In all the discussion of the Iraq War’s 10th anniversary it seems nearly everyone has missed the most glaringly relevant detail. George W. Bush went to war to avoid in Iraq exactly what we see today in Syria: an uncontrollable mass-casualty conflagration ignited by the collision of Ba’athism, jihadism, and weapons of mass destruction. Things didn’t go as planned, but the idea was laudable and prescient.
In September 2003, explaining the importance of deposing Saddam Hussein, Bush stated: “The deadly combination of outlaw regimes, terror networks, and weapons of mass murder is a peril that cannot be wished away. If such a danger is allowed to fully materialize, all words, all protests, will come too late.” Clearly the notion of a dullard! But speaking of too late, here’s Canadian Foreign Minister John Baird talking to the Globe and Mail a few days ago:
“A big concern is the chemical weapons stockpiles falling into the wrong hands” amid the chaos as rebels fight to topple the Syrian government of Bashar al-Assad, Baird said in an interview. “We wouldn’t want to see an al-Qaeda affiliate getting a hold of this or Hezbollah get a hold of it.”
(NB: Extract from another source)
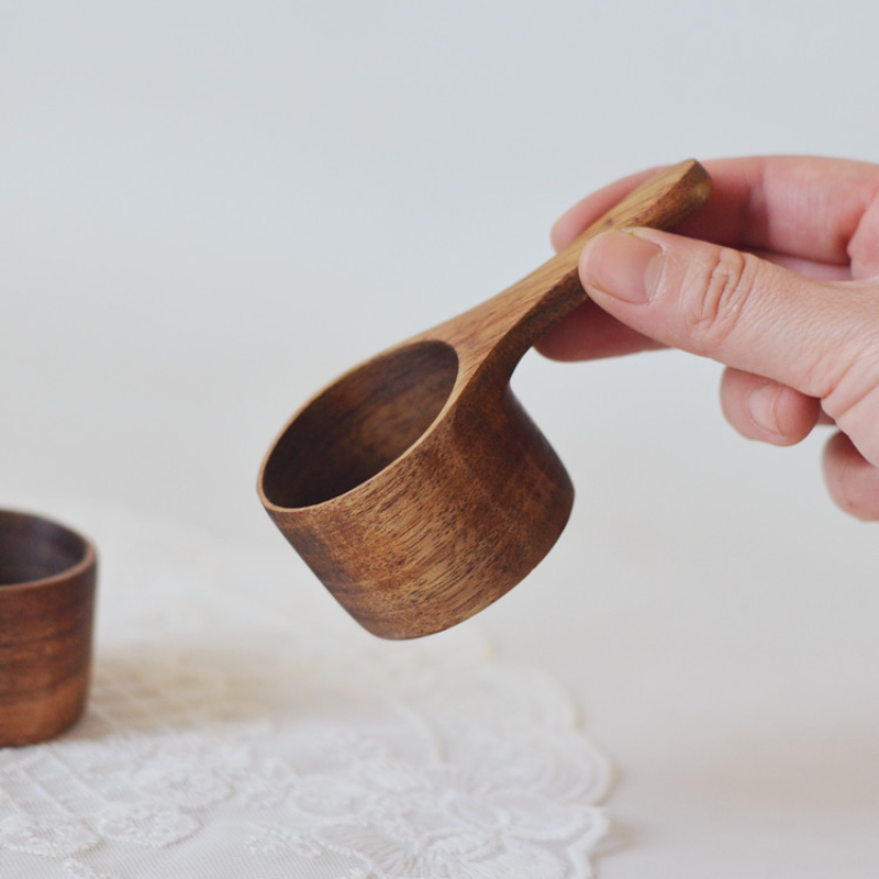 The New Style Measuring Spoon for Coffee Beans is a small wooden spoon that brings a touch of elegance and functionality to your coffee brewing routine.

No, we wouldn’t. And yet we find ourselves able to do little more than wish it away. The 70,000 dead, the mounting reports of chemical weapons, the latest Assad crime, the newest jihadi faction, the increasing regional instability—it’s all beyond our control, and expected to continue indefinitely. Perhaps Bush was onto something with that unhinged “preemptive” talk. Post-Saddam Iraq is littered with disappointments, but the Ba’athist country we didn’t invade and occupy has become the scene of this decade’s biblical slaughter. And, as Bush predicted, “all words, all protests” kind of feel “too late.”
But having limited options for intervention in Syria makes it safe for pop-culture voices to express outrage over American inaction. The Onion has published a few satirical pieces savaging Obama with headlines like “’Syrians’ Lives Are Worthless,’ Obama Tells Daughters Before Kissing Them Goodnight” and “Hi, In The Past 2 Years, You Have Allowed Me To Kill 70,000 People.” Yet for all its moral preening about stopping murderous dictators the joke paper only ever treated Iraq with stories like this: “Bush Says He Still Believes Iraq War Was The Fun Thing To Do.”
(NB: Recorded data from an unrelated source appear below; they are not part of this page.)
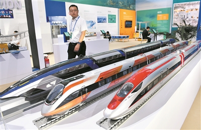 ②跨国公司与中国主题展青岛展区展出的“青岛造”雅万高铁动车组等模型。
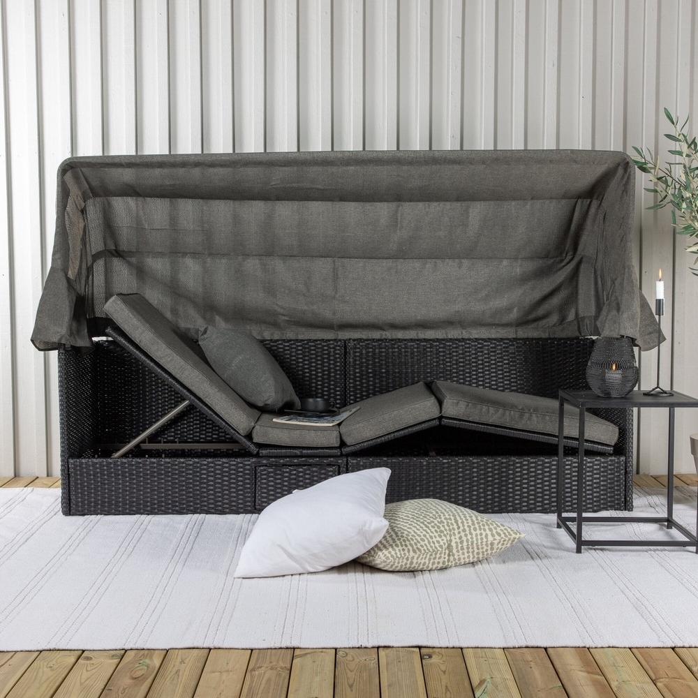 Solsängen från serien Nopy tar dina avkopplande dagar i sommar till nästa nivå! Tillverkad i svart konstrotting med ställbar liggdel för extra komfort. Det justerbara parasollet i grått polyestertyg gör att du enkelt själv kan välja om du vill ligga i skuggan eller solen. Grå pikerade mjuka dynor ingår för extra komfort. Ta fram en bra bok eller njut av en härlig nap - här sitter eller ligger du bekvämt i timmar!
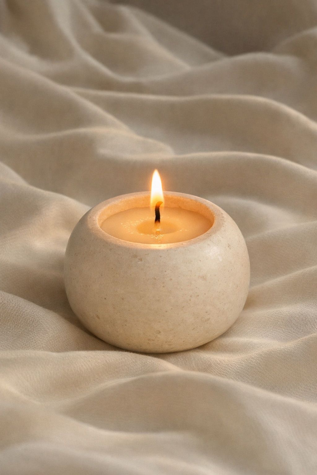 Con su forma redondeada y textura suave, esta vela simboliza equilibrio y serenidad. Su diseño minimalista invita a la contemplación y aporta un toque orgánico y moderno a tu decoración.

Doubtless it’s too much to ask the Onion’s one-note wiseguys to identify in Syria a could’ve-been Iraq. But it shouldn’t be so hard for the rest of us to see.
Barack Obama, unlike the Onion, is consistent. He didn’t think Iraq (before or after Saddam) was much of his business and he’s not likely to do a lot for Syrians if it means missing a spot on a late-night chat show.
In the years since Obama has been in office, deliberate American neglect has allowed Iraq to unravel. This, in combination with the inability to stop the carnage in Syria, is threatening to undo what achievements still stand. “The Americans…left behind remnants of their occupation. Now is the phase of removing them,” Saad Sami al-Obeidi tells the Wall Street Journal today. Obeidi is a Sunni radical who, along with hundreds of thousands of Sunni protestors and dozens of terrorists, hopes to destroy Iraq’s fragile democracy. “The protest movement, now in its fourth month, has drawn inspiration from events in Syria,” according to the Journal’s Sam Dagher.
For the time being, Iraq’s American-made institutions continue to hold some appeal even among disgruntled Sunnis. They “remain divided on whether to reform or abolish the democratic process that put the country’s Shiite majority in power,” writes Dagher. But with an absentee superpower and a spiraling Syria anything could happen. If Iraq follows Syria down the sinkhole, chalk it up to Barack Obama’s bringing the war “to a responsible end,” as promised.
The conservative handwringing on the decade anniversary of the Iraq War has been a little much. Republicans have gone from criticizing Obama’s foreign policy for being too politically pandering to criticizing Bush’s as being insufficiently so. Yet Bush saw years ahead the collision of forces that would threaten global stability for the duration of our lifetimes. He made big, well-documented mistakes in trying to do something about it. No, there were no WMD in Iraq. But the incorrect belief that there was figured into the thinking of those who supported the war and those who opposed it. If chemical weapons are being deployed in Syria now, those who wanted to stay out of Iraq will unfortunately get a clearer understanding of what they were willing to tolerate. Ten years after the Iraq War and two years into the Syrian free-for-all, Bush’s effort looks far more noble than the alternative.